20 de enero de 2017
Se
ha consumado el traspaso de poder en Washington. Donald Trump ha jurado como el
45º Presidente de los Estados Unidos, en un día grís, de cielos cubiertos,
corazones encogidos, el mall central de la ciudad con más claros que en
ocasiones precedentes y un ambiente de expectativa e incertidumbre.
El
primer discurso de Trump como Presidente ha sido un extracto de su oratoria
electoral, que puede resumirse en cuatro conceptos fundamentales: populismo,
patriotismo, nacionalismo y providencialismo. El paradigma del momento político
en auge en todo el mundo.
POPULISMO
El
populismo ha inspirado sus primeras palabras al frente del país más poderoso de
la Tierra. “Hoy no sólo estamos transfiriendo el poder de una administración a
otra, de un partido a otro, estamos devolviendo el poder de Washington a
vosotros”, ha dicho.
“Vosotros”,
o “the people”, el pueblo, la gente, o “the nation”, la nación.

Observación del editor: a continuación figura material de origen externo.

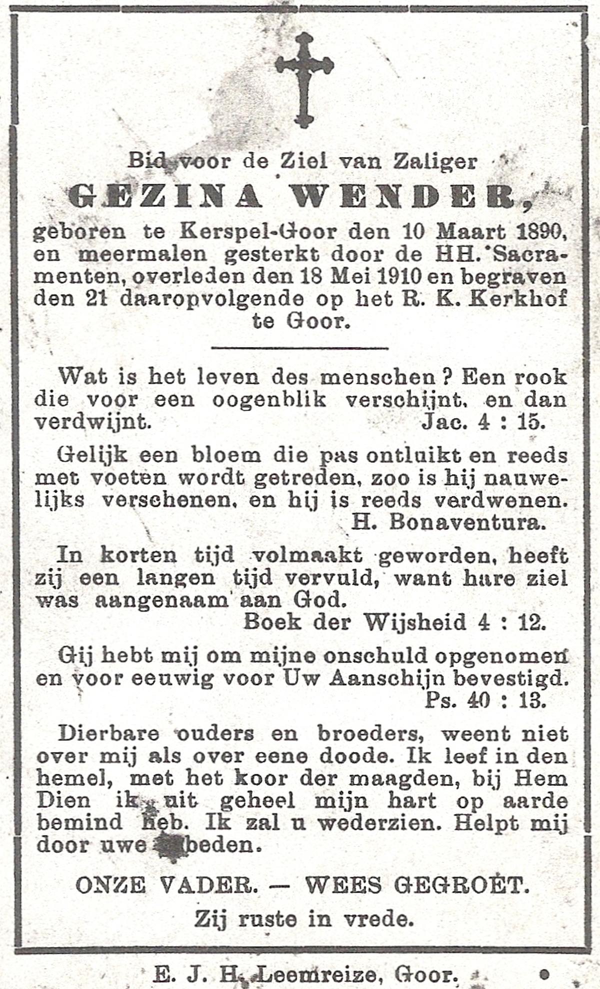 WENDER, Gezina, geboren op 10-03-1890 te Kerspel Goor, overleden op 18-5-1910 op 20-jarige leeftijd, begraven op 21-5-1910 te Kerspel Goor.

Trump ha
apelado continuamente a la brecha entre el poder y la gente, el “establishment”,
la élite (aquí, la casta) “se protege a
sí misma, pero no protege a los ciudadanos de nuestro país”. Es el asunto sobre
el que construyó el inicio de su carrera como candidato. Lo ha recuperado en el
día uno de su mandato, como un
imperativo prioritario: “el cambio empieza aquí y ahora, porque este momento os
pertenece a todos vosotros”. No un cambio cualquiera: “un cambio como no se ha
visto otro antes”, ha sentenciado el nunca modesto Trump.
De
todas sus promesas de Trump, ésta parece una de las más difusas y esquivas. Trump
arremetía contra la élite en presencia de la élite, rodeado de sus exponentes
más provectos. De alguna forma, les ha llamado usurpadores: “El pueblo volverá
a gobernar este país de nuevo”, ha dicho. Establecer un antes y un después, con
él como factor divisorio es como trazar una raya en la arena de la playa. El
oleaje político no tardará en borrarla.
Las
otras promesas populistas tienen que ver con la reconstrucción del país, la
recuperación de la prosperidad. barrios seguros, trabajos decentes, mejores carreteras
y vías de ferrocarril, más puentes, puertos y aeropuertos. “La masacre que ha
sufrido el país en los últimos tiempos acaba aquí”, ha dicho, en referencia al
atraso en infraestructura y a la pérdida de puestos de trabajo. Trump ha
prometido otra vez un país nuevo, un país más grande y más fuerte, levantado o
reconstruido con “manos americanas”. La marca América enlaza al pueblo con su
nacional, al populismo con el nacionalismo.
NACIONALISMO
Trump,
más diplomático que en sus agresivos discursos de campaña, no se ha desprendido,
empero, de la soflama nacionalista. “Desde hoy, una nueva visión gobernará
nuestro país. América, primero, América, primero”, ha proclamado. “Cualquier decisión
sobre comercio, sobre impuestos, sobre inmigración se hará en beneficio de los
americanos”, ha añadido.
Ha
sido condescendiente con el resto de los países. Incluso ha parecido evocar a
Reagan cuando ha dicho que no impondrá el modelo americano a nadie. Ha
prometido amistad y buena voluntad a los demás, pero bajo el claro concepto del
derecho que cada cual tiene a poner sus intereses por delante.
Frente
al mundo exterior, ha señalado claramente al principal enemigo (sólo ha
mencionado) uno, nada de fórmulas contenidas o prudentes: “uniremos al mundo
civilizado contra el terrorismo del Islam radical hasta hacerlo desaparecer de
la faz de la tierra”.
Ni una
referencia concreta más a cómo serán las relaciones exteriores de su
presidencia. Un silencio significativo y atronador. ¿Para qué?, podría
preguntarse. Después de todo, en sus propias palabras, “cuando América está
unida, es imparable”.
PATRIOTISMO
Trump ha ido
enardeciendo su discurso en el tramo final, a lomos de un patriotismo convencional,
casi tópico. “Cuando abrimos nuestro corazón a los demás, no hay espacio para
fisuras”, ha sido uno de sus principales esfuerzos “poéticos”.
“Blancos,
negros o marrones, todos derramamos la misma sangre roja de los patriotas”, ha
proclamado envuelto ya en la bandera e inspirado por el sacrificio de los
soldados.
Asuntos
recurrentes no sólo de Estados Unidos, sino de cualquier arsenal retórico
nacionalista que se precie. La patria como refugio (“No tengáis miedo. Estamos
protegidos y estaremos protegidos”). La patria como promesa (“Ha llegado la
hora de la acción. No permitamos a nadie decir que algo no se puede hacer”).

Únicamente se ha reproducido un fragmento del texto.